"Guilt is a harmful feeling," proclaims one of the central characters in the film Cronicas from Ecuadorian writer and director, Sebastian Cordero. With opening sequences as gripping as anything in recent film, Cronicas is the story of the terror that grips a small town haunted by the "monster of Babahoyo," a serial rapist and murderer of children.
Not for the faint of heart, this is a deeply disturbing film, all the more so for never showing or even describing in any detail the atrocities inflicted on the children.
Part serial-killer horror film and part media-exploitation morality play, the film's substance has much more to do with the slow and dreadful deadening of conscience in otherwise complex and multi-layered characters.
Complaining that it gives away too much too early about the crimes or that it wallows in clichés of media exploitation, some critics have focused on the surface plot, not on the deeper issues of conscience and character that tie the entire film together.
The opening scenes introduce us to Vinicio (Damian Alcazar), a traveling Bible salesman who, after washing himself in a river, returns to the city just as the funeral for three abused and murdered boys ends. Present at the funeral is the celebrity tabloid journalist, Manolo Bonilla (John Leguizamo), with his coworkers from Miami-based Latino TV show, One Hour with the Truth.

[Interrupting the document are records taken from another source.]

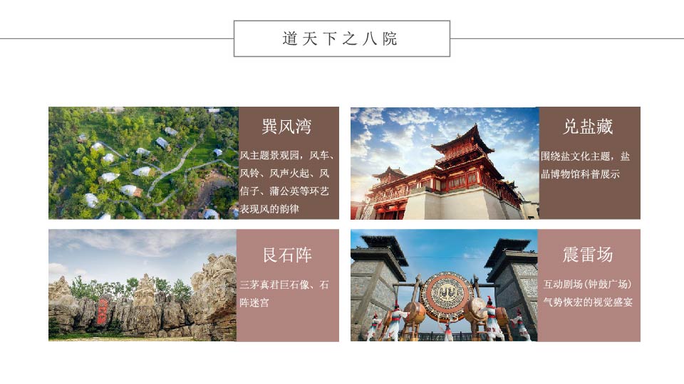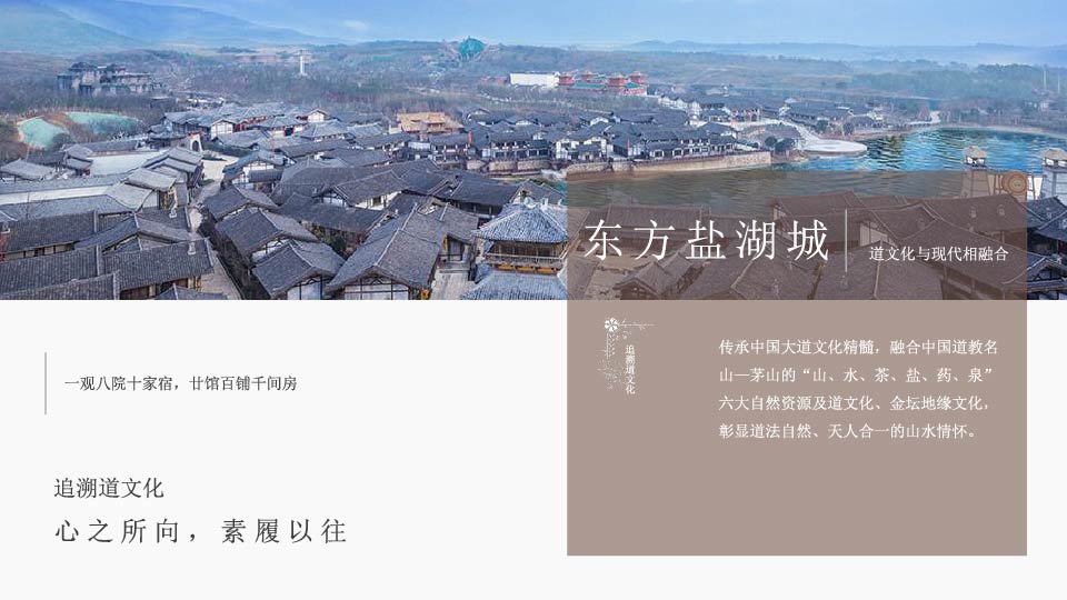 | 17:30 | 游玩景点: 东方盐湖城 【东方盐湖城】全家度假胜地,道天下景区将呈现出江南山镇的独特项目形态,建筑布局依山而建,充分结合山型地貌,将建筑与山体融为一体,并突出生态环保的规划理念,注重对原生态山水的保护和利用,旅游产品策划结合茅山千年的道文化精髓,在文化展示、互动体验等方面创意出新,将带给游客“不一样”的全家体验之旅。 |
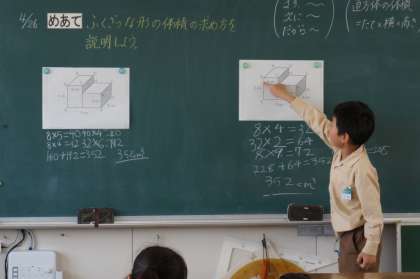算数の「直方体と立方体の体積」の学習では,習熟度別の3分割授業を行いました。
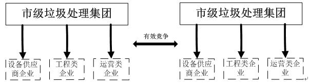 垃圾处理行业目前是典型的市场垄断行业。因此,横向的垃圾处理模式可以打破垃圾处理行业的市场垄断,打通各个城市的垃圾处理企业,开展有效竞(如下图)。这样一来,各个城市的垃圾处理行业不仅可以按照市场经济的原则自愿承接跨区域生活垃圾处理业务,并且有利于各公司改进管理水平和技术水平,同时形成一体化的垃圾处理行业市场,提高处理行业的运营效率。
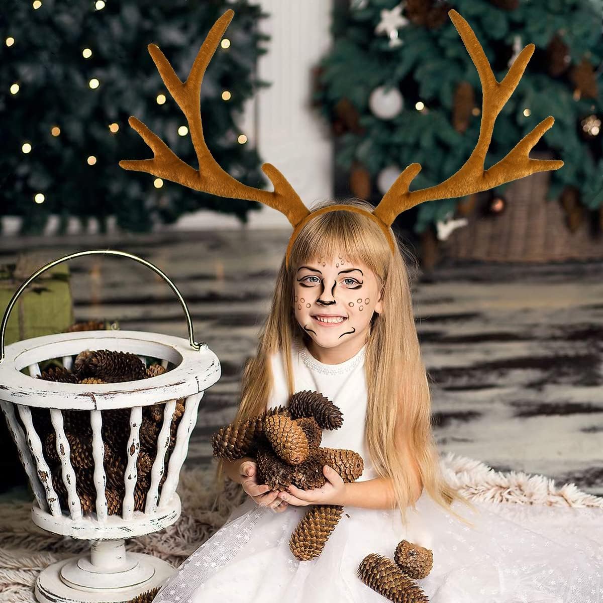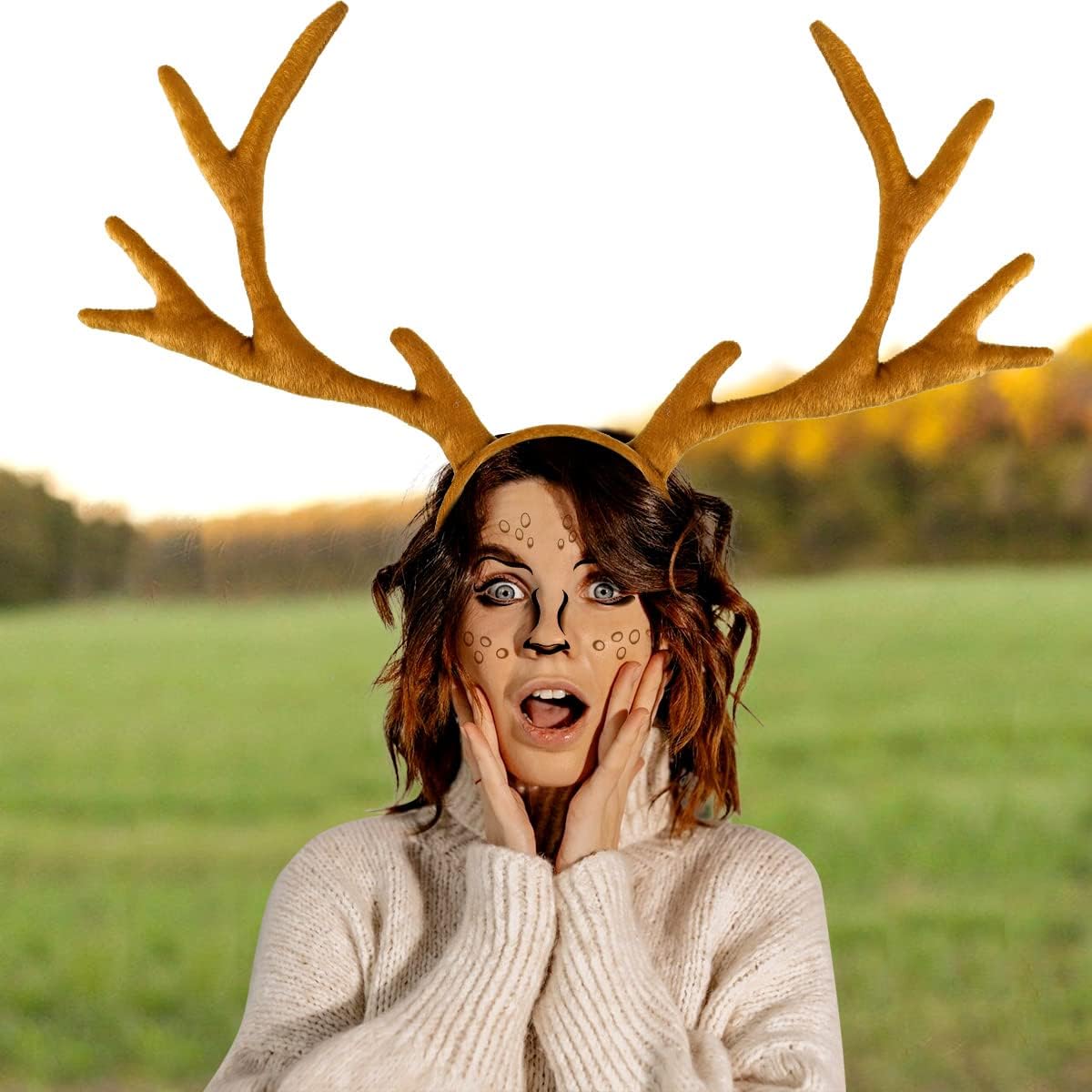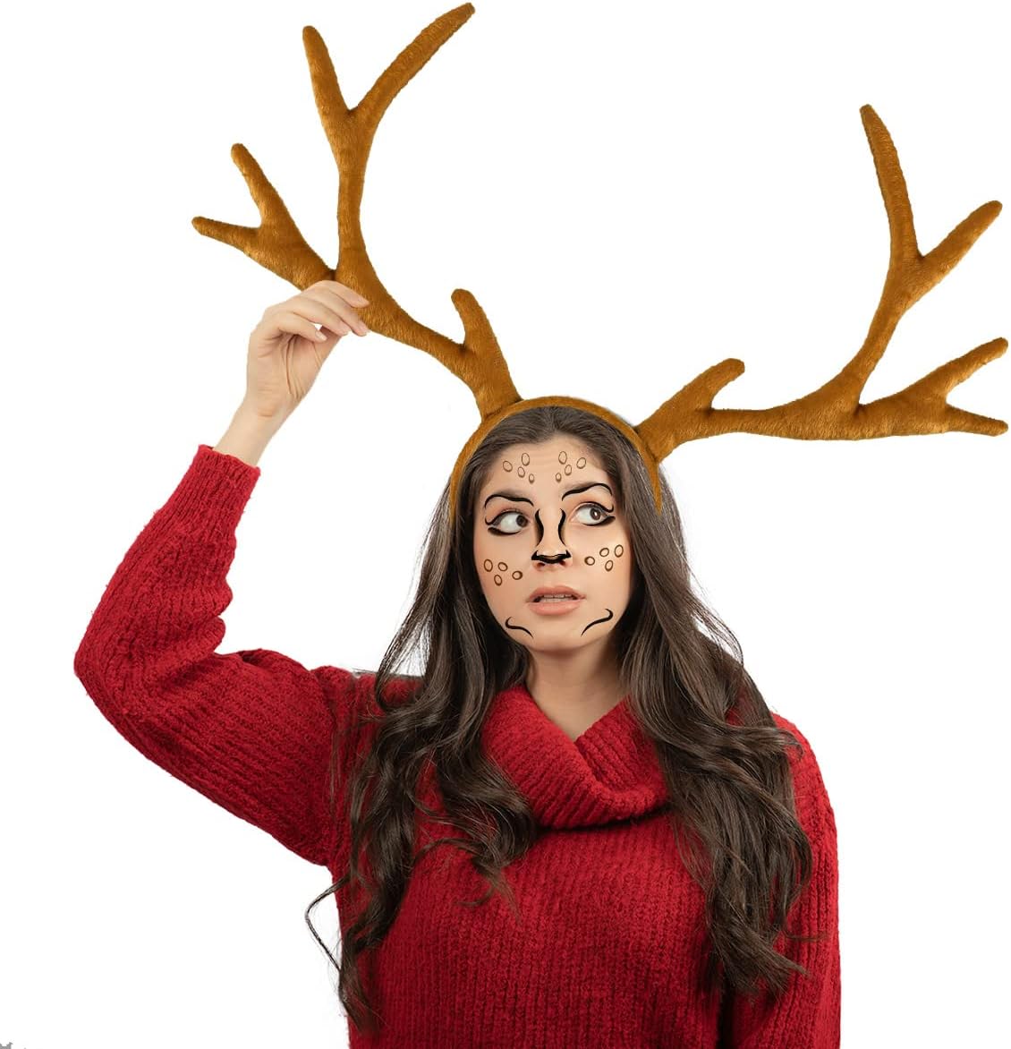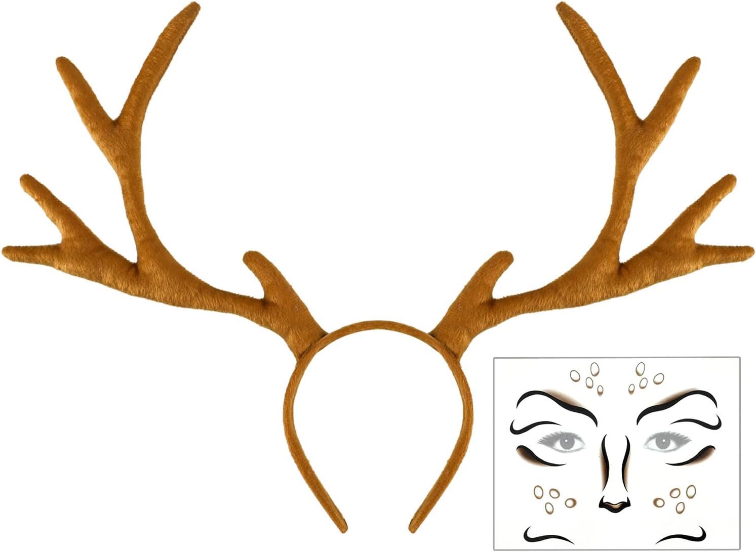 iZoeL Karneval Kostüm Damen Reh Geweih Hörner Haarreif + Reh Face Tattoo, Damen Kinder Fasching Kopfschmuck Haarreifen
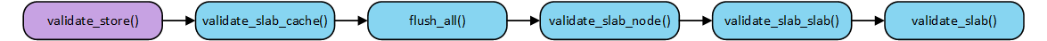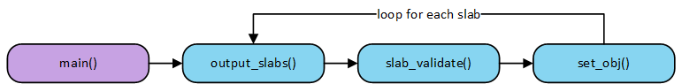 我们看一下slabinfo –v命令的实现方式以及检查的流程。slabinfo源码位于tools/vm/slabinfo.c文件。slabinfo –v命令执行流程如下图所示。
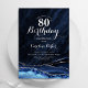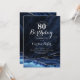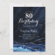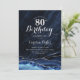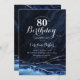 Navy Blue Silver Agate Marble 80th Birthday Invitation
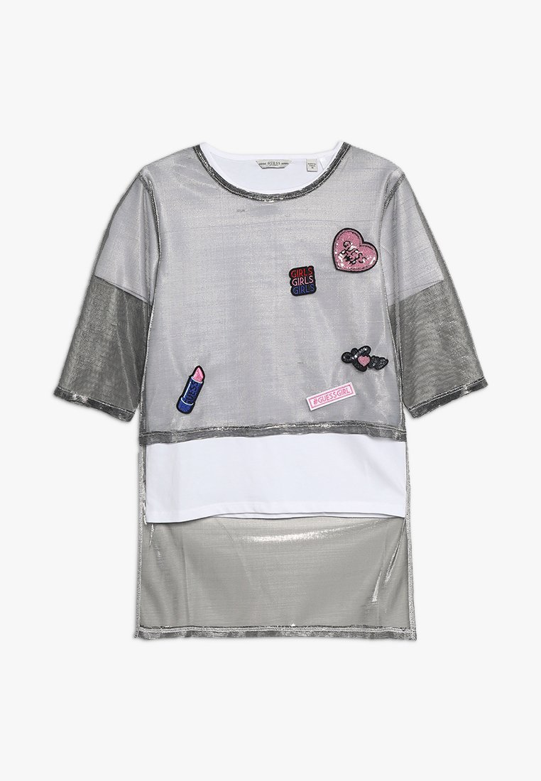 Guess Junior Print T Shirt True White Silver Zalando Co Uk
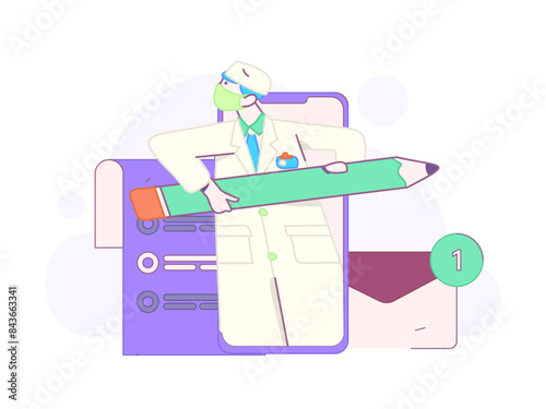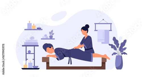 Lékařka dělá břišní ultrazvukové vyšetření pacientce ležící na lékařské posteli, plochá vektorová ilustrace. Ultrazvukové lékařské vyšetření. Gastroenterologie. Medicína a zdravotní péče.

The emotionally wrought crowd from the funeral spills over into the narrow streets and, just as Vinicio drives down one street, a brother of one of the murdered boys comes streaking across his path, falls in front of the car, and is killed. This further inflames the passions of the crowd. They pull Vinicio from the car, beat him, and proceed to light him on fire. Following the events from close range, Bonilla first orders his cameraman to continue taping but then, just before the crowd tries for a second time to turn Vinicio into a flaming holocaust, the reporter intervenes to stop the violence.
The opening scenes are expertly staged and filmed. While film cannot communicate what one character calls "the smell of death," it effectively immerses our senses in the rich local settings so that we feel the squalor of the city and the desperate desires of its inhabitants. In a subtle touch, flies buzz in the presence of certain characters.
Because of the car accident and the subsequent beating, both the father of the two recently deceased boys and Vinicio, himself a husband and father, are arrested and end up in the same jail. In different ways, victims and perpetrators, the two men share many of the same frustrations and aspirations. But, by the film's final frames, their actions will reveal how vastly different they are from one another.
The film's pattern of depicting parallel and intersecting lives is most compelling in the encounter between Vinicio and Bonilla, whose lives at the outset are polar opposites. The film does indeed begin with tired, if often truthful, clichés about the media. One Hour with Truth is a sensationalistic tabloid, whose detached, callous, and arrogant media team exploits victims whose loss and sorrow are but fodder in the competition for ratings. After the initial scene of the funeral, the boy being run over by the car, and the driver being beaten and lit on fire, the show's camera man boasts, "I got it all — the ass kicking, the barbecue!"
But, for all his ambition and vanity, Bonilla is much more than a caricature, as is suggested by his belated intervention on behalf of Vinicio. When the jailed Vinicio appeals to Bonilla for help and promises as payment that he can deliver details about the murders, Bonilla keeps the police and his producer in the dark as he begins his own independent investigation. Clearly motivated by the prospects of international fame, Bonilla also genuinely believes that is in a better position than the police to solve the case, to extract either a confession or a name from Vinicio. As Bonilla's plans unravel, the gap widens between his public image, which increasingly takes on media superhero status, and his private persona, which even his ethically challenged coworkers find reprehensible.
The issues here go much deeper than silly debates about journalistic ethics. They touch upon the question of whether "guilt is a harmful feeling" and suggest, especially in the film's chilling dual ending, that what is most harmful is the loss of the capacity for guilt, the dulling of which paves the way for humanity's greatest horrors.